И, усаживая перед собой заместителя по капитальному строительству, кладя ему чистый лист, косясь на окурки в пепельнице, говорил:
— Пишите, пишите… Подготовить следующие вопросы… Незамедлительно, к штабу!.. Первое… Добиться от райисполкома разрешения на открытие Бужаровского карьера… Второе… Требовать от нефтеснаба ликвидировать перебои с горючим… Третье… Ускорить прохождение бумаг в леспроме на ликвидацию нетоварного леса… Четвертое…
Он диктовал, сжав веки, вытапливая из себя недавнее напряжение. Умолк, слыша, как продолжает шуршать перо заместителя.
— Вот и все… Только с этим не медлить! Чтоб к штабу все было сделано! Довольно поблажек Хромову. На этом он будет пойман… Да, еще я хотел вас спросить… Как там со снежным городом? Стоит или снова сломали?
— Снова сломали, — ответил Миронов, поднимая от бумаги худое, болезненное, с воспаленными веками лицо. — За ночь снова сломали.

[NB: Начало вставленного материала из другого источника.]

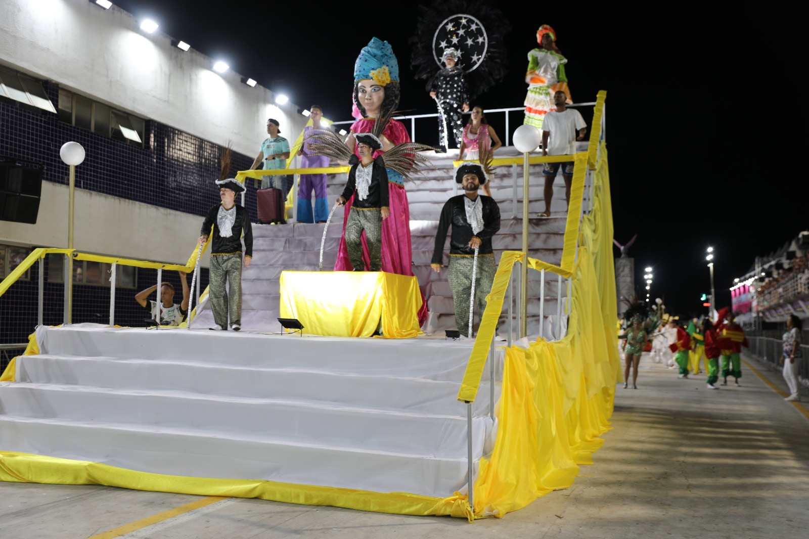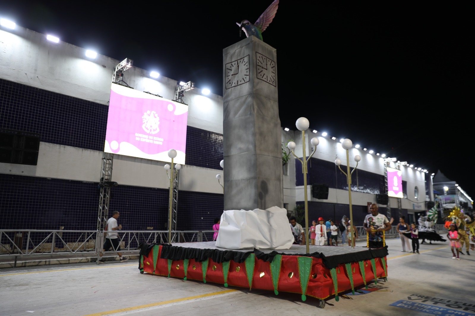 Depois do tripé que carregava o nome da escola e o mascote, que é um colibri, o carro principal apresentou a escadaria que leva o nome de Maria Ortiz, além de representações dela ao longo da vida.

— Так, хорошо… Восстановим! Скажите архитекторам, пусть восстановят. Поглядим, кто упорней! Ладно, с этим все ясно… А слободу Захромы вы мне скоро снесете? Пускайте, пускайте бульдозеры!.. И вторая слобода за Иртышом, как ее? Кондашевка? Вывели к Иртышу газопровод — хорошо! А с насосной станцией тянут! Торопите, толкайте их! К весне, к навигации, чтоб насосная станция — в действие! С кораблями придет оборудование. В месяц поставим колонны, и чтобы сразу газом опробовать. К осени — первый продукт! Я на штабе так и скажу. Торопите их в Кондашевке!
Он закончил, отпуская Миронова. Но тот медлил, что-то пытался сказать, неуверенно двигал губами.
— Что еще? — спросил Пушкарев.
— Петр Константинович, личная просьба… Дня на четыре, на пять отпустите в Москву. За свой счет! Или в счет сверхурочных!.. Понимаете, у жены день рождения. И уже полгода не виделись…
Пушкарев оглядывал бледное, осунувшееся лицо заместителя, чувствовал его неуверенность, испытал мгновенное к нему раздражение.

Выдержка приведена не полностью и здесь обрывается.